Okay, that's a broad-ranging question. Look, I think, there's obviously been a geopolitical risk in recent times. We've had other external factors. I touched on de-globalization earlier, but lots of elections, I mean, you had the tariff impact. You know, close to home, we obviously had the run-up to the budget, and there's clearly been destabilization, politically, within the U.K. as well. I do think that our occupiers, the, you know, the C-suite of the U.K. PLC, are getting used to the disruptive elements, and they're increasingly showing signs of adapting to that and being prepared to make investment decisions with the backdrop of that.
I do think things are improving a little bit, certainly in terms of the impact on our market, obviously, having absorbed the National Insurance increases and those sorts of things. We are seeing more occupiers now that are planning to make fairly major decisions in terms of, taking on new space.
Great. The next question is: Do you plan any further acquisitions, and what does the pipeline look like?
Okay, well, I might sort of share this with Frankie. Look, I mean, we everything we take on its own merits. When we did the UKCM corporate acquisition, when we did the Blackstone portfolio transaction last year, which obviously is single digit accretive, so a great deal for our shareholders, I think it was a real win-win transaction. We obviously, in terms of the cost of our capital and the way we think about returns, think about this in the context of, you know, the income, the total return potential that it has and the risk/reward factors. Capital allocation is really important, we run the rule over everything and think about this the same way as we always have.
I mean, Frankie, do you just want to expand on that?
Yeah, maybe just straying into capital allocation for a moment then. You know, we've got three main strands in terms of growth drivers in terms of allocating capital. The first one, the rental reversion, I just touched on that. Effectively, that is a low level of capital that's required to realize that under rent, that reversion potential. Moving into logistics development, the parameters around target returns there are 6%-8% yield on cost. We're currently operating in the upper half of that range in terms of what we're developing at the moment. Complementary to that is our data center pipeline, and we're targeting a 9%-11% yield on cost across those two schemes currently.

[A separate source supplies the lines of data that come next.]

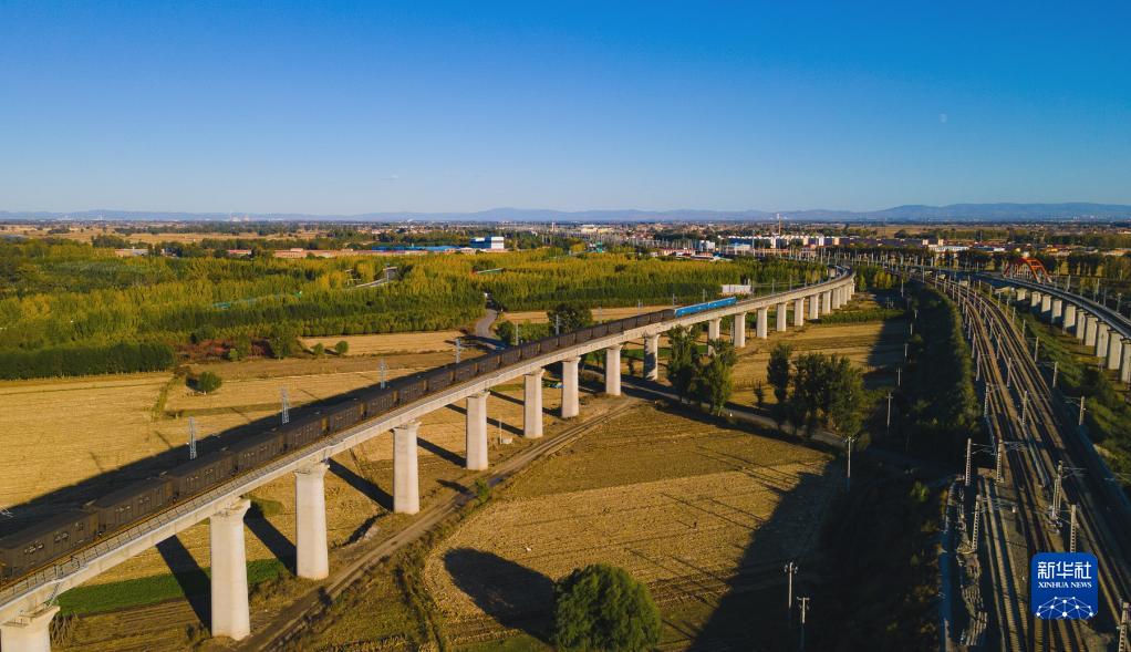 這是在內(nèi)蒙古呼和浩特拍攝的運(yùn)煤專(zhuān)列(2021年10月15日攝,無(wú)人機(jī)照片)。新華社發(fā)(夏亮 攝)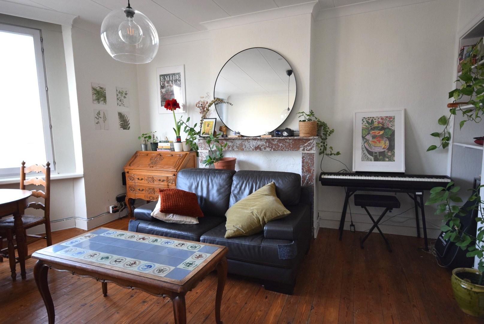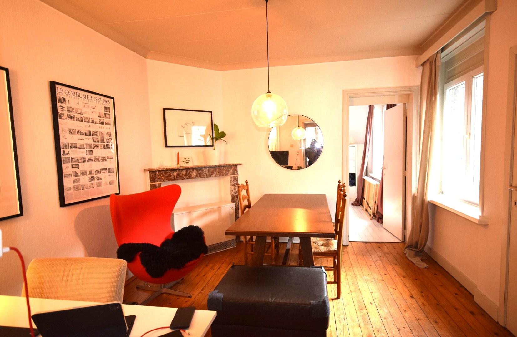 Tof en lichtrijk appartement op derde verdieping (geen lift) bestaande uit hal met ingemaakte kast, living met plankenvloer, keuken met gootsteen, kastjes, kookfornuis en dampkap, bureel of eetplaats, slaapkamer met plankenvloer en berging, badkamer met douche, lavabo en toilet.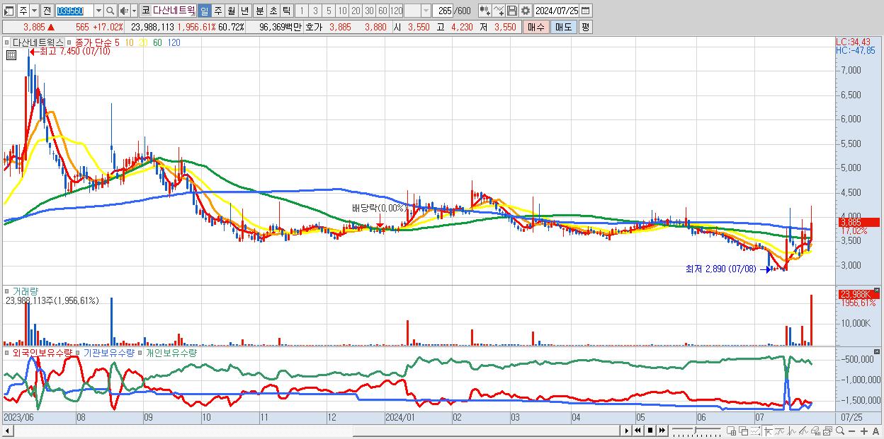 - 다산네트웍스 (3,885원 ▲ 17.02% , 시총: 1,535억, 거래량: 23,988,113, 거래대금:964억)

You know, great opportunities to allocate capital into development. That is typically where we're seeing the best return from a risk-adjusted perspective. As Colin said, always open to opportunity. We look at the investment side more opportunistically, so we don't sort of set any hard and fast targets on that. Clearly, we've been active in the last few years with regards to the UKCM and the Blackstone transaction.
Yeah. It's probably worth adding as well that I think we've got a very strong track record in, you know, both identifying, but implementing and integrating the acquisitions that we've made to date. When we acquired db Symmetry, which gave us access to the U.K.'s largest land platform, and that pipeline of very attractive development opportunities that yield between 6% and 8%, and at the moment, we're trending right at the top end of that range, that has been a great sort of success for the business. UKCM, we reported an 18% increase in the rental income over the last 18 months. Again, well-integrated, and adding a really high-quality urban logistics portfolio to the business. The deal we did with Blackstone, we just adds to that further.
I think we've got license to do these deals when we see the opportunities based on how successful we've been at integrating them and really extracting the full value from them.
With the backdrop of, you know, what I think is best-in-class, a Big Box industrial logistics portfolio with really high caliber tenants and great quality buildings, I mean, that really does cement the quality of and give confidence to our earnings and our dividends.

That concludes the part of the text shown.